As if sensing her disquiet, Tanpopo eased himself to her cheek, a small bubble of encouraging warmth. She ignored the instinct to blame him for the predicament, and instead embraced his reassurance. The dark man before her did not seem inclined to add anything, nor did he seem particularly wary of her as one might be after being informed by some perfect stranger that she knows your patterns enough to call them "clockwork." That reality alone lent itself to her original question; at least he was not normal, clearly. Because any normal person would likely take offense to being mistaken for dead, or so Himawari would figure. Curiosity pulsed within her like a second heart beating. "Would it even matter if it was raining or not?" she heard herself ask, continuing her original thought despite herself.
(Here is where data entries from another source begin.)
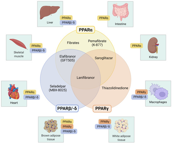 - Montaigne, D.; Butruille, L.; Staels, B. PPAR control of metabolism and cardiovascular functions. Nat. Rev. Cardiol. 2021, 18, 809–823. [Google Scholar] [CrossRef]
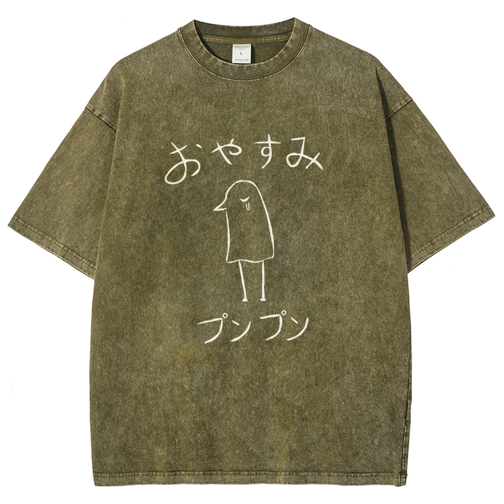 Kiwi Pattern Washed Vintage Short Sleeves T-Shirt
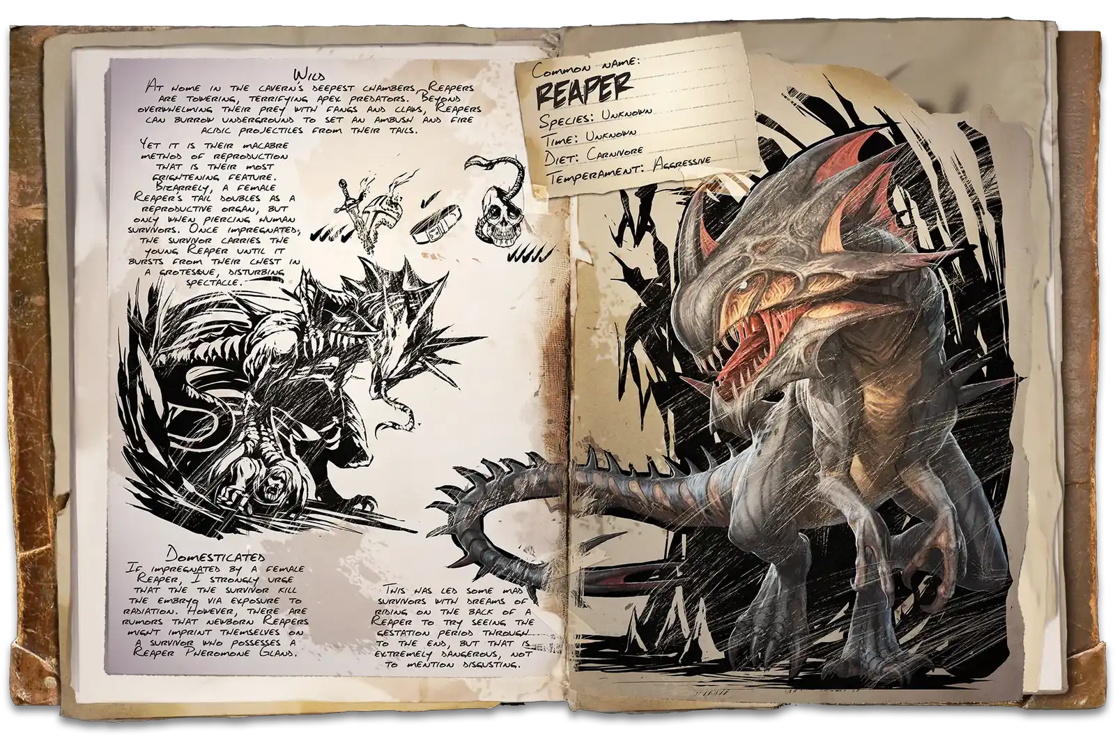 This is a list of dinos that a Reaper Queen can carry in ARK.

It had been a strangely mild late winter, so she hadn't had the chance to note whether he was there in any kind of weather, and if she was going to ask questions she regretted immediately, she may as well be thorough.

"I don't suppose I care one way or another," he answered, closing his vibrant eyes to her face, still acting as though this were a perfectly normal conversation to have.
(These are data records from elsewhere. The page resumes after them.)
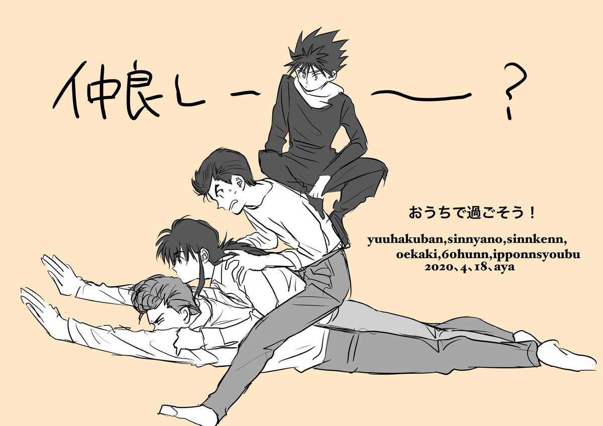 66 233 #幽白版深夜の真剣お絵描き60分一本勝負 お題「おうちで過ごそう」 幽白キャラ 桑原、蔵馬、幽助、飛影 20/04/18 22:34
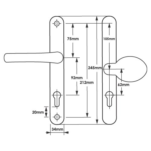 These Handles have a Sprung 92PZ internal lever handle and a 62mm PZ external moveable pad, with a backplate measurement of 245mm and screw centres measuring 212mm. The handles have undergone cycle testing of over 50,000 operations making them durable and reliable. The polished chrome, silver and polished brass finish has undergone salt-spray testing for over 480 hours.
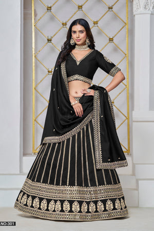 Elegant and timeless—this Art Silk lehenga set with intricate embroidery and a soft net dupatta is designed to make you glow at every celebration.
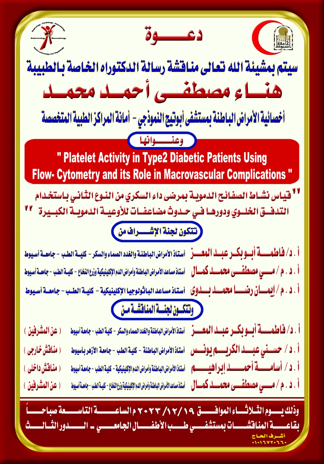 مناقشة رسالة الدكتوراه الخاصة بالطبيبة / هناء مصطفى أحمد محمد - أخصائية الأمراض الباطنة بمستشفي أبو تيج النموذجي - أمانة المراكز الطبية المتخصصة
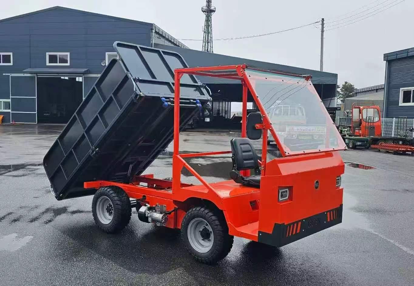 Typical SpecificationsSpecification Value Source Dimensions (L x W x H) 2780 × 1220 × 1040 mm (approx. 109 x 48 x 41 in) Weight (Dry) ~610 kg (1345 lbs) Load Capacity ~400 kg (882 lbs) Cargo Box Size (L x W x H) 1600 x 1160 x 230 mm (approx. 63 x 46 x 9 in) Max Lift Height 1500 mm (approx. 59 in or 4.9 ft) Motor Type AC Motor (Anti-Slip) Battery 51.2V LiFePO4 Lithium Battery (150Ah) Max Speed 16-24 mph (approx. 24-38 km/h) Max Range Up to 64 miles (approx. 103 km) on a single charge Climbing Ability Up to 30° angle Drive System 4-wheel drive (4WD) or 2WD options are generally available depending on the specific model
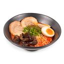 Self-made hakata noodle doused in rich mild spicy pork bone broth. Topped with ajitama and pork slices.

She wondered at that. "ls that normal for you?"

"Does it matter?"

Himawari did not pause before saying, "It makes it difficult for me to tell if you're a dead or not." She immediately regretted it, first because she had to wonder whether she was making an attempt for the worst conversation in recorded history, then because the stranger opened his eyes and his gaze met hers momentarily. She got a small taste of the tragedy behind the eyes before its reflection receded back to the green depths and he averted his look away from her.

"Not all ghosts are dead," he said quietly.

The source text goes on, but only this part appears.